RESS

  • impl Iterator for Scanner
  • Converts text into Tokens
  • Flat Structure

Before we start on any examples let's dig a little into what ress does. The job of a scanner or tokenizer in the parsing process is to convert raw text or bytes into logically separated parts called tokens and ress does just that. It reads your JavaScript text and then tells you what a given word or symbol might represent. It does this through the Scanner interface, to construct a scanner you pass it the text you would like it to tokenize.

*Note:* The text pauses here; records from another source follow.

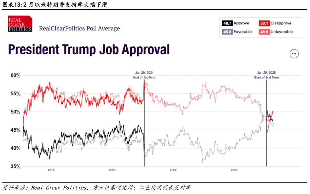 对于市场而言,短期静待Trump Put下关税政策的变化,中长期均衡配置或是较优选择。滞胀压力加大+美股低迷的共振下,2月以来特朗普支持率大幅下滑,Trump Put概率提升,意味着关税政策的变数仍然较大。参考Real Clear Politics汇总的民调数据,2月以来特朗普支持率大幅下滑,意味着其关税政策面临掣肘,尤其是3月后数据层面的滞胀压力将明显加大。同时,白宫对等关税细则对关税政策的调整留有余地,为后续关税谈判打开空间。但从中长期维度,特朗普治下政策不确定性仍然较强,后续或将持续对全球市场带来波动,在此背景下更加均衡配置资产是较优选择。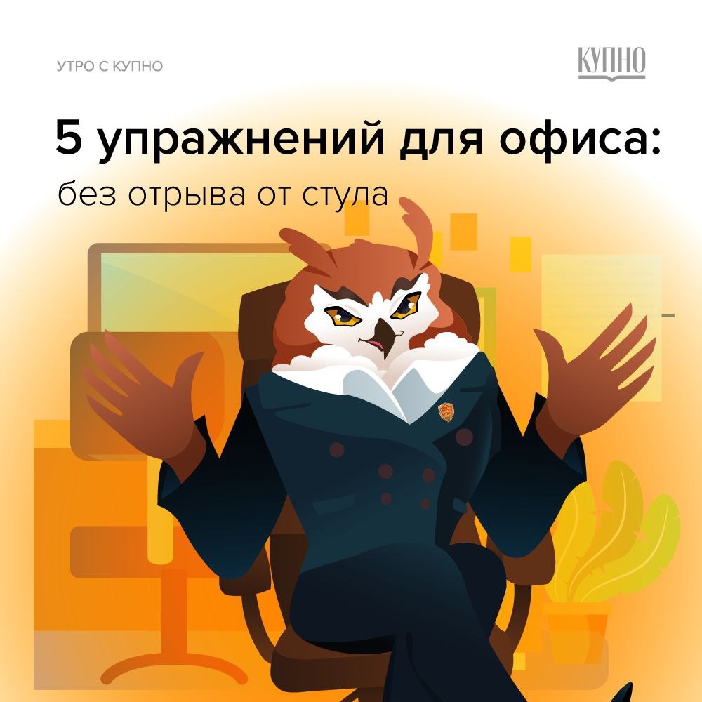 Знакомо чувство, когда после многочасовой работы за компьютером шея деревянная, спина ноет, и кажется, что вы превратились в один большой сустав? Это сигнал: телу срочно нужна перезарядка! Профессиональная гигиена труда — это не только правильное освещение, но и регулярная разминка. Предлагаем 5 простых упражнений, которые можно делать прямо сейчас, не привлекая лишнего внимания. Правило: Делайте плавно, без резких движений и боли. Дышите глубоко. Повторяйте каждое упражнение 5-8 раз. 1️⃣ Для шеи и плеч: «Сними корону» · Сядьте ровно, спина прямая. · Медленно и плавно опустите правое ухо к правому плечу. Задержитесь на 3-4 секунды. · Верните голову в исходное положение и повторите в левую сторону. · Эффект: Снимает напряжение с трапециевидных мышц, профилактика головной боли. 2️⃣ Для спины и груди: «Невидимый стул» · Сидя ровно, сцепите руки в замок на затылке. · Сведите лопатки вместе, раскрывая грудную клетку. Головой мягко надавите на руки, создавая легкое сопротивление. · Задержите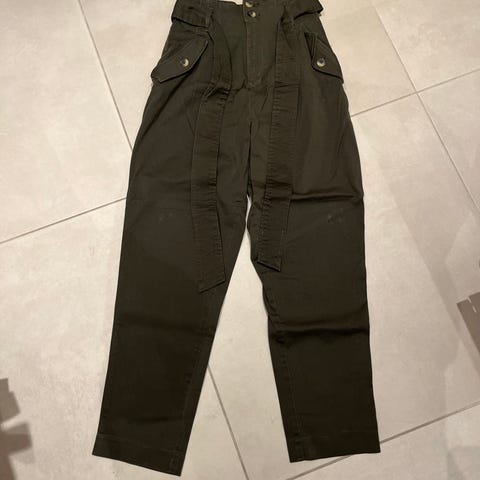 «Cargobukse» med mange detaljer. Kvalitet: 60%bomull og 40%polyester. Kjempetøff, spesiell bukse.
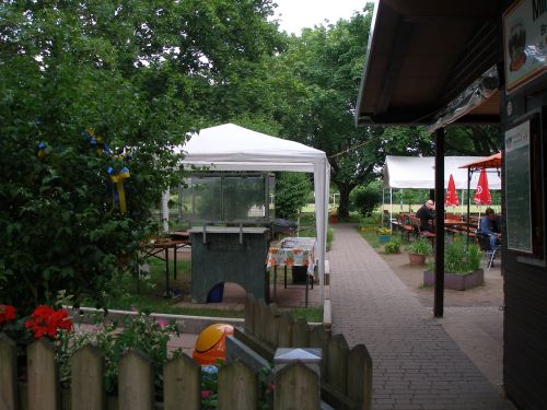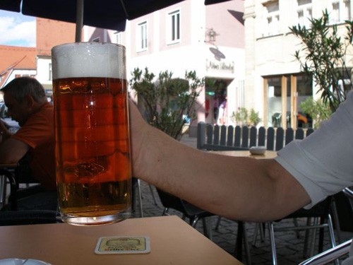 Die haben große Schirme draußen, und das Bier der Woche ist Annafestbier,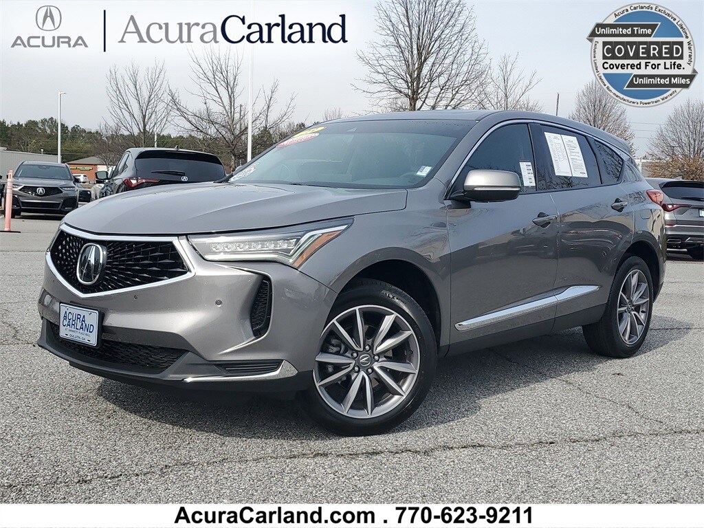 2023 ACURA RDX TECHNOLOGY PKG***ACURA CERTIFIED W/ 100K WARRANTY***POWER MOONROOF***HEATED LEATHER SEATS***NAVIGATION***POWER LIFTGATE***LANE DEPARTURE WARNING***XM SATELLITE RADIO***APPLE CAR PLAY***DUAL POWER SEATS***SPOILER***19" ALLOY WHEELS***ONE OWNER***CLEAN CARFAX!! Certified. Odometer is 8775 miles below market average! CARFAX One-Owner. Clean CARFAX. Acura Carland is pleased to present this 2023 Acura RDX Technology Package in Liquid Carbon Metallic, Beautifully equipped with AM/FM radio: SiriusXM, Apple CarPlay/Android Auto, Auto High-beam Headlights, Heated Front Sport Seats, Lane departure: Lane Keeping Assist System (LKAS) active, Memory seat, Navigation system: Acura Navigation System with 3D View, Perforated Milano Premium Leather-Trimmed Interior, Power driver seat, Power Liftgate, Power moonroof, Power passenger seat, Spoiler, Wheels: 19" x 8.0J Pewter Gray Multi-Spoke, 12 Speakers, 4-Wheel Disc Brakes, 4.17 Axle Ratio, ABS brakes, Air Conditioning, Alloy wheels, Auto-dimming Rear-View mirror, Automatic temperature control, Brake assist, Bumpers: body-color, Compass, Delay-off headlights, Driver door bin, Driver vanity mirror, Dual front impact airbags, Dual front side impact airbags, Electronic Stability Control, Emergency communication system: AcuraLink, Exterior Parking Camera Rear, Four wheel independent suspension, Front anti-roll bar, Front Bucket Seats, Front Center Armrest, Front dual zone A/C, Front reading lights, Fully automatic headlights, Garage door transmitter: HomeLink, Heated door mirrors, Heated front seats, Illuminated entry, Knee airbag, Low tire pressure warning, Occupant sensing airbag, Outside temperature display, Overhead airbag, Overhead console, Panic alarm, Passenger door bin, Passenger vanity mirror, Power door mirrors, Power steering, Power windows, Premium audio system: ELS Studio, Radio data system, Radio: ELS Studio Premium Audio System, Rear anti-roll bar, Rear reading lights, Rear seat center armrest, Rear window defroster, Rear window wiper, Remote keyless entry, Security system, Speed control, Speed-sensing steering, Split folding rear seat, Steering wheel mounted audio controls, Tachometer, Telescoping steering wheel, Tilt steering wheel, Traction control, Trip computer, Turn signal indicator mirrors, Variably intermittent wipers, and Wheels: 19" Glint Black Alloy! Enjoy the benefits of the complimentary 3mos/3000mile powertrain warranty on all late model used vehicles up to 150,000 miles! See this and all of our incredible inventory at www.acuracarland.com.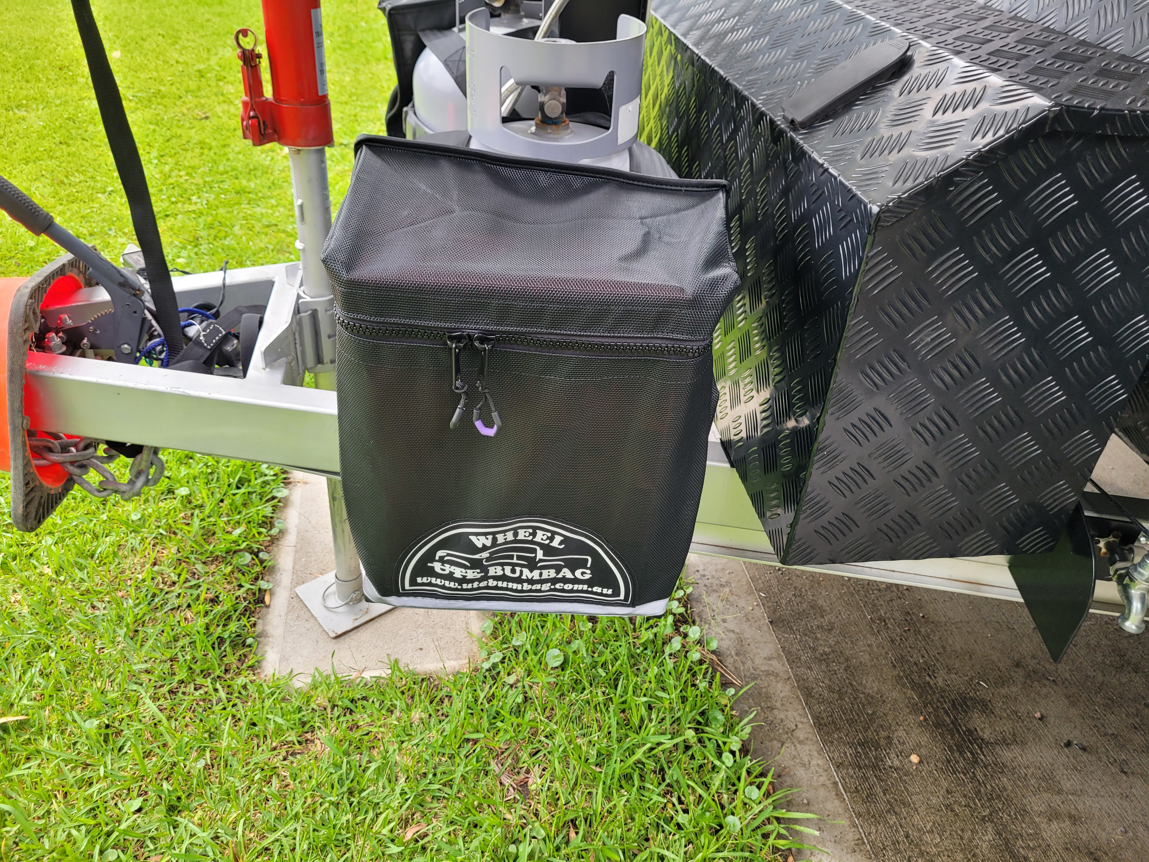 Our new Wheel Bumbag is so versatile that it fits Wheels, Stone Guards, Ladders, 9Kg Gas Bottles or any flat surface when combined with our Saddle Pack the Convertible Dirty Gear Bag! It is made from UV stabilized Truck Mesh that wont hold smells or perish in the sun like canvas.
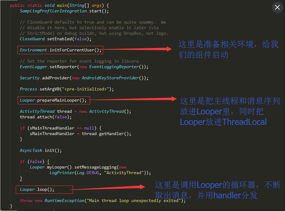 ActivityThread:程序的啟動入口,為什麼要介紹這個類,是因為該類就是我們說的主線程,它對Looper進行操作的。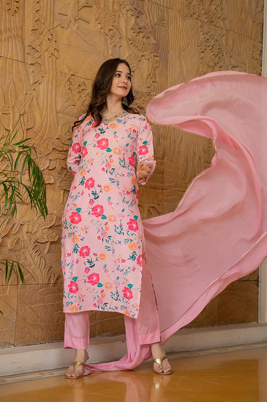 Pink Rayon Blend Floral Printed Straight Suit Set PKSKD2510PNK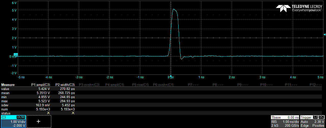 Щоб уникнути цієї проблеми, генератори імпульсів і цифрової затримки, розроблені Active Technologies, здатні забезпечувати час наростання швидше, ніж 70 пс, як це представлено на малюнку нижче.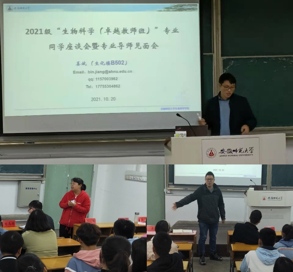 本网讯(生科院 刘雨涵)为让大一新生了解专业培养方案和培养目标,强化专业思想,激发专业课程的学习热情,10月20日下午在生化楼2023教室,2021级生物科学专业(卓越教师班)开展了新生入学教育和本科“导师制”师生见面会。会议由生物科学专业(卓越教师班)负责人姜斌主持,陈明林、刘再群、王晖、韩菲、卜兴江、潘涛、张亚等本科生导师参会。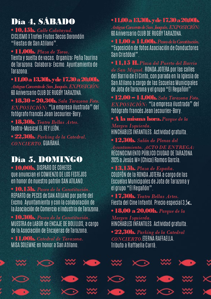 10,15 H. Paseo de la Constitución REPARTO de PECES de SAN ATILANO, por parte del Excmo. Ayuntamiento y con la colaboración de la Asociación de Comercio e Industria de Tarazona.
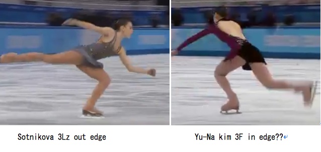 wrong edgeの話をするのなら、ソトニコワの3Lzは踏み切る直前まで深いout edgeである。写真のようにedgeが反射して光るのが、その証拠。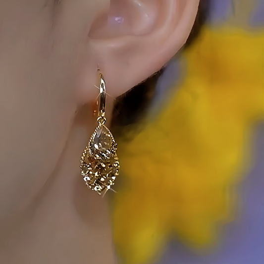14K Gold-Plated Luxury Zircon Yellow Crystal Earrings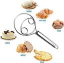 Danish Dough Whisk Food Grade 304 Stainless Steel Hand xer Bread Whisk 8.5 Inch Danish Whisk Dough Scraper Baking Tool for Bread Pastry or Pizza Dough Silver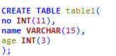 - we define what each column of each line will contain first by adding it into the () brackets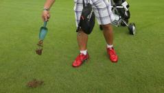 ディボット跡に凹みが埋まるように目土を入れます。少し盛り上がるくらい多めに入れましょう。そのあと、シューズの底やクラブで平らにし、最後に足で踏みならしましょう。目土は多過ぎず、少な過ぎず。周りと同じ高さにするのがポイントです。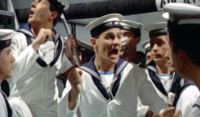 Ο αξιωματικός που συνόδευε το συνεργείο μου λέει “θα γυρίσουν μια σκηνή με τον Μαλούχο να φασινάρει την πρύμη με τον άγριο Οπλονόμο (άλλος ηθοποιός) να του κάνει συνεχώς παρατηρήσεις και στο τέλος να τον πετάει στη θάλασσα! Σε παρακαλώ, βρες έναν σβέλτο κολυμβητή από το πλήρωμα να είναι ήδη στη θάλασσα και να τον βοηθήσει γιατί ο Μαλούχος δεν ξέρει και καλό κολύμπι και ανησυχεί”.

# #![allow(unused_variables)]
#fn main() {
    let js = "var i = 0;";
    let scanner = Scanner::new(js);
#}

Now that you have prepared a scanner, how do we use it? Well, the Scanner implements Iterator so we can actually use it in a for loop like so.


# #![allow(unused_variables)]
#fn main() {
    for token in scanner {
        println!("{:#?}", token);
    }
#}

If we were to run the above program it would print to the terminal the following.

Item {
    token: Keyword(
        Var
    ),
    span: Span {
        start: 0,
        end: 3
    }
}
Item {
    token: Ident(
        Ident(
            "i"
        )
    ),
    span: Span {
        start: 4,
        end: 5
    }
}
Item {
    token: Punct(
        Assign
    ),
    span: Span {
        start: 6,
        end: 7
    }
}
Item {
    token: Numeric(
        Number(
            "0"
        )
    ),
    span: Span {
        start: 8,
        end: 9
    }
}
Item {
    token: Punct(
        SemiColon
    ),
    span: Span {
        start: 9,
        end: 10
    }
}
Item {
    token: EoF,
    span: Span {
        start: 10,
        end: 10
    }
}

The scanner's ::next() method returns an Item which has 2 properties token and span. The span is the byte index that starts and ends the token, the token property is going to be one variant of the Token enum which has the following variants.

  • Token::Boolean(BooleanLiteral) - The text true or false
  • Token::Ident(Ident) - A variable, function, or class name
  • Token::Null - The text null
  • Token::Keyword(Keyword) - One of the 42 reserved words e.g. function, var, delete, etc
  • Token::Numeric(Number) - A number literal, this can be an integer, a float, scientific notation, binary notation, octal notation, or hexadecimal notation e.g. 1.5e9, 0xfff, etc
  • Token::Punct(Punct) - One of the 52 reserved symbols or combinations of symbols e.g. *, &&, =>, etc
  • Token::String(StringLit) - Either a double or single quoted string
  • Token::RegEx(RegEx) - A Regular Expression literal e.g. /.+/g
  • Token::Template(Template) - A template string literal e.g. one ${2} three
  • Token::Comment(Comment) - A single line, multi-line or html comment

For a more in depth look at these tokens, take a look at the Appendix

Overall the output of our scanner isn't going to provide any context for these tokens, that means when we are building our development tools it is going to be a little harder to figure out what is going on with any given token. One way we could take that is to just build a tool that is only concerned with the token level of information. Say you work on a team of JavaScript developers that need to adhere to a strict code style because the organization needs their website to be usable in Internet Explorer 8. With that restriction there are a large number of APIs that are off the table, looking over this list we can see how big that really is. It could be useful to have a linter that will check for the keywords and identifiers that are not available in IE8. let's try and build one.